• Source information
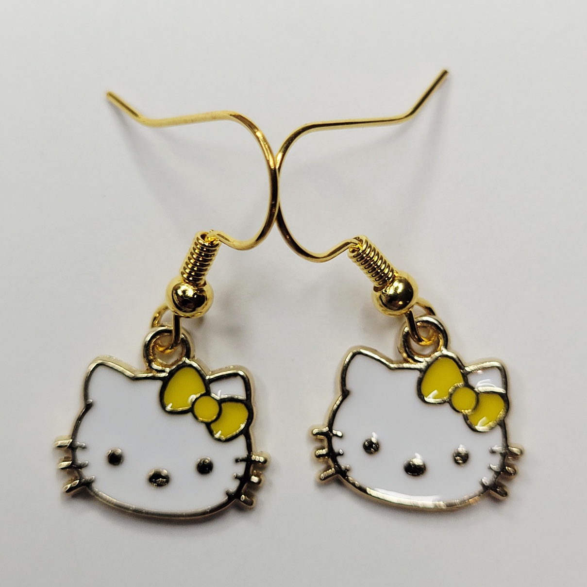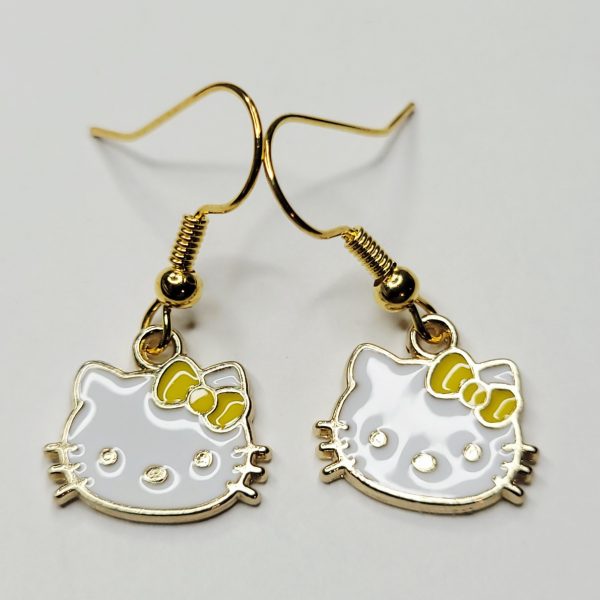 Cute Hello Kitty face earrings with a yellow bow and gold color earring posts! Hypoallergenic of course! Available in many other colors. Same day shipping.
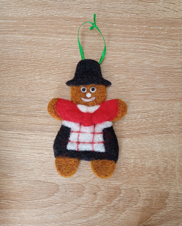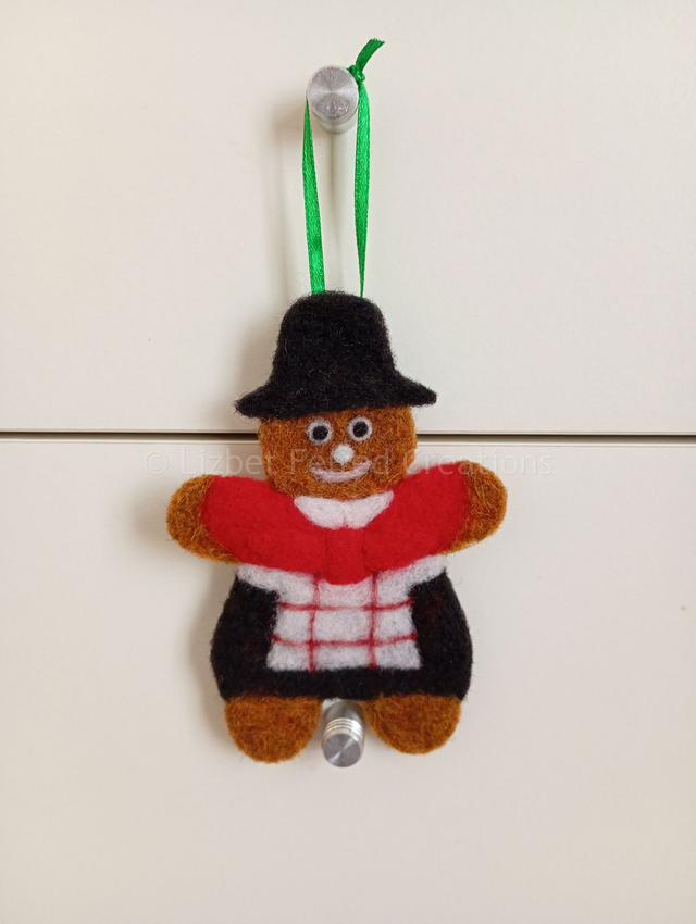 Cute handmade needle felted Welsh Lady themed gingerbread decoration. The perfect Welsh themed gift. Also a great gift idea for a gingerbread lover.
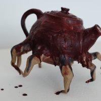 Sarah Duyer's series of teapots and cups, fittingly titled "Comfort/Discomfort," seem as if they're crawling away on insectoid legs.
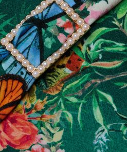 A bikini bottom designed with a flattering sash waistband. Now updated in a lush butterfly floral print with faux pearl accents.
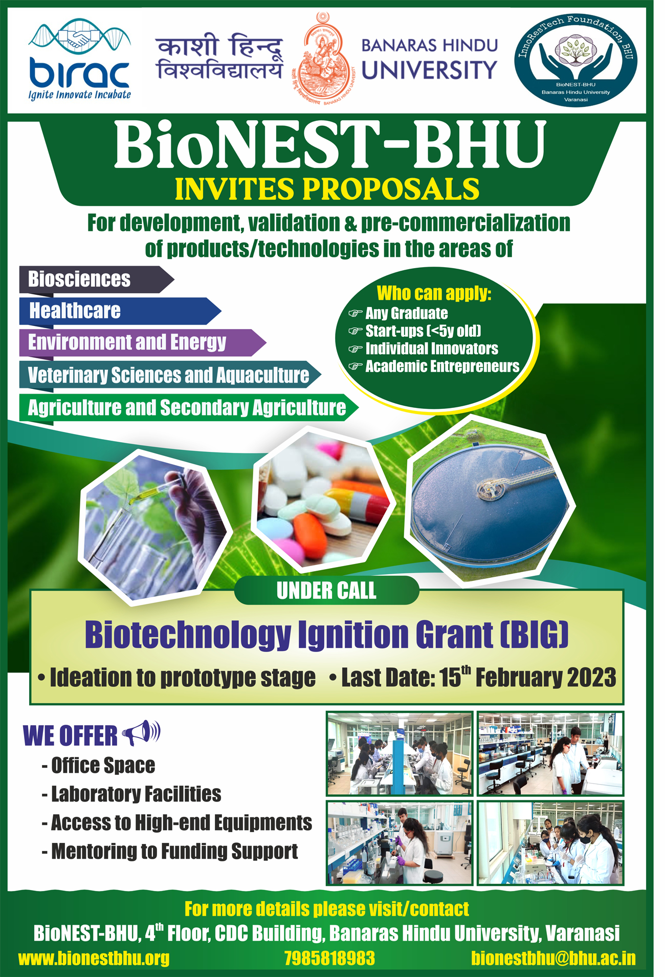 The BioNEST-BHU invites proposals for exciting programs that support product/technology. The details of the program are as below
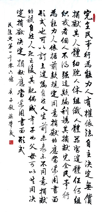 民法典第一千零六條 完全民事行為能力人有權(quán)依法自主決定無償捐獻其人體細胞、人體組織、人體器官、遺體。任何組織或者個人不得強迫、欺騙、利誘其捐獻。完全民事行為能力人依據(jù)前款規(guī)定同意捐獻的,應(yīng)當采用書面形式,也可以訂立遺囑。自然人生前未表示不同意捐獻的,該自然人死亡后,其配偶、成年子女、父母可以共同決定捐獻,決定捐獻應(yīng)當采用書面形式。
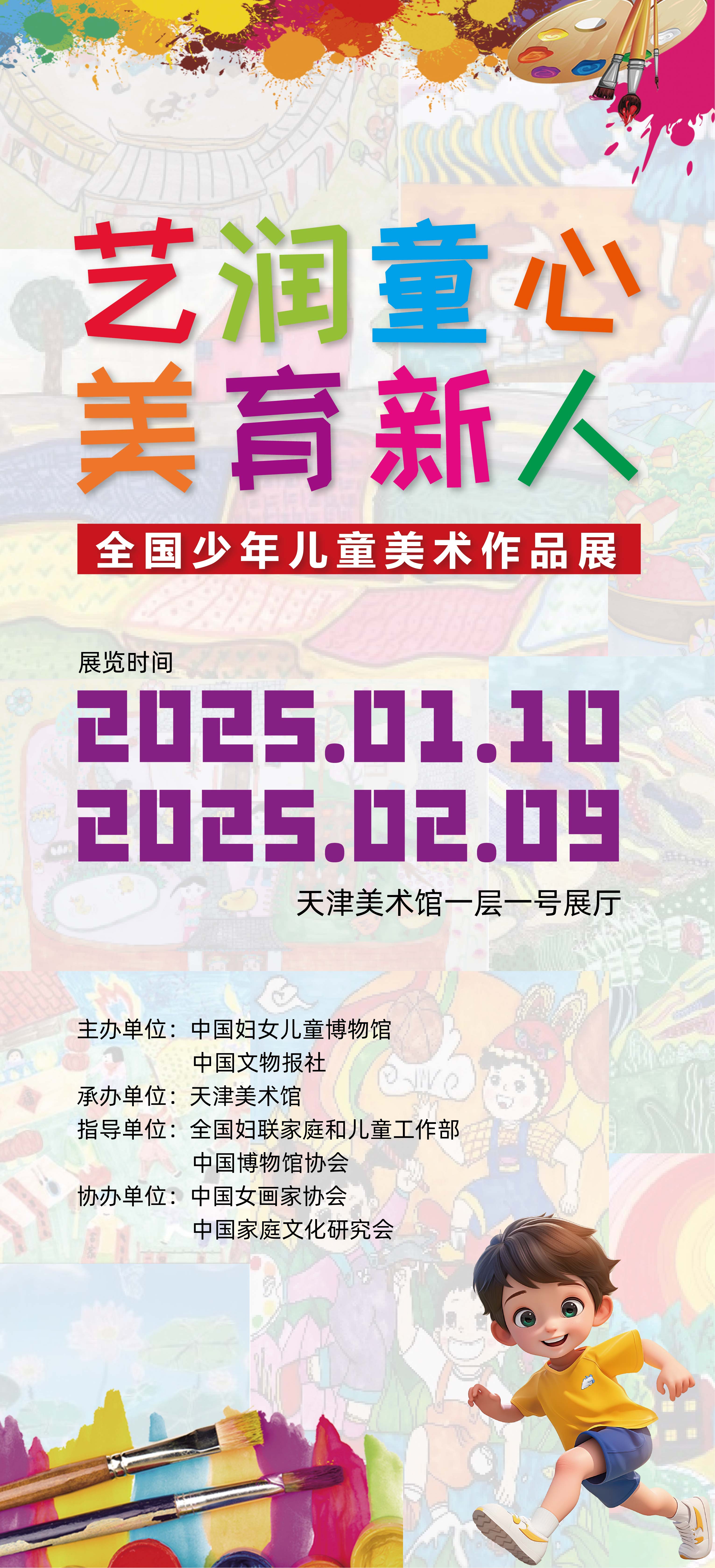 为深入贯彻党的二十大精神和习近平文化思想,落实习近平总书记关于妇女儿童和妇联工作的重要论述精神,弘扬中华优秀文化和美育精神,引导广大少年儿童从小感受美、发现美、创造美,由中国妇女儿童博物馆、中国文物报社主办,天津美术馆承办的“艺润童心美育新人”全国少年儿童美术作品展于1月10日在天津美术馆开幕。本次展览以儿童美术作品为依托,从祖国与家乡、成就与梦想、家庭与生

• Activity
Look above for the line with "Cute handmade needle" and the line with "A bikini bottom", then restate exactly those two lines and all lines between them, with no pictures.

• Answer to the problem
 Cute handmade needle felted Welsh Lady themed gingerbread decoration. The perfect Welsh themed gift. Also a great gift idea for a gingerbread lover.
 Sarah Duyer's series of teapots and cups, fittingly titled "Comfort/Discomfort," seem as if they're crawling away on insectoid legs.
 A bikini bottom designed with a flattering sash waistband. Now updated in a lush butterfly floral print with faux pearl accents.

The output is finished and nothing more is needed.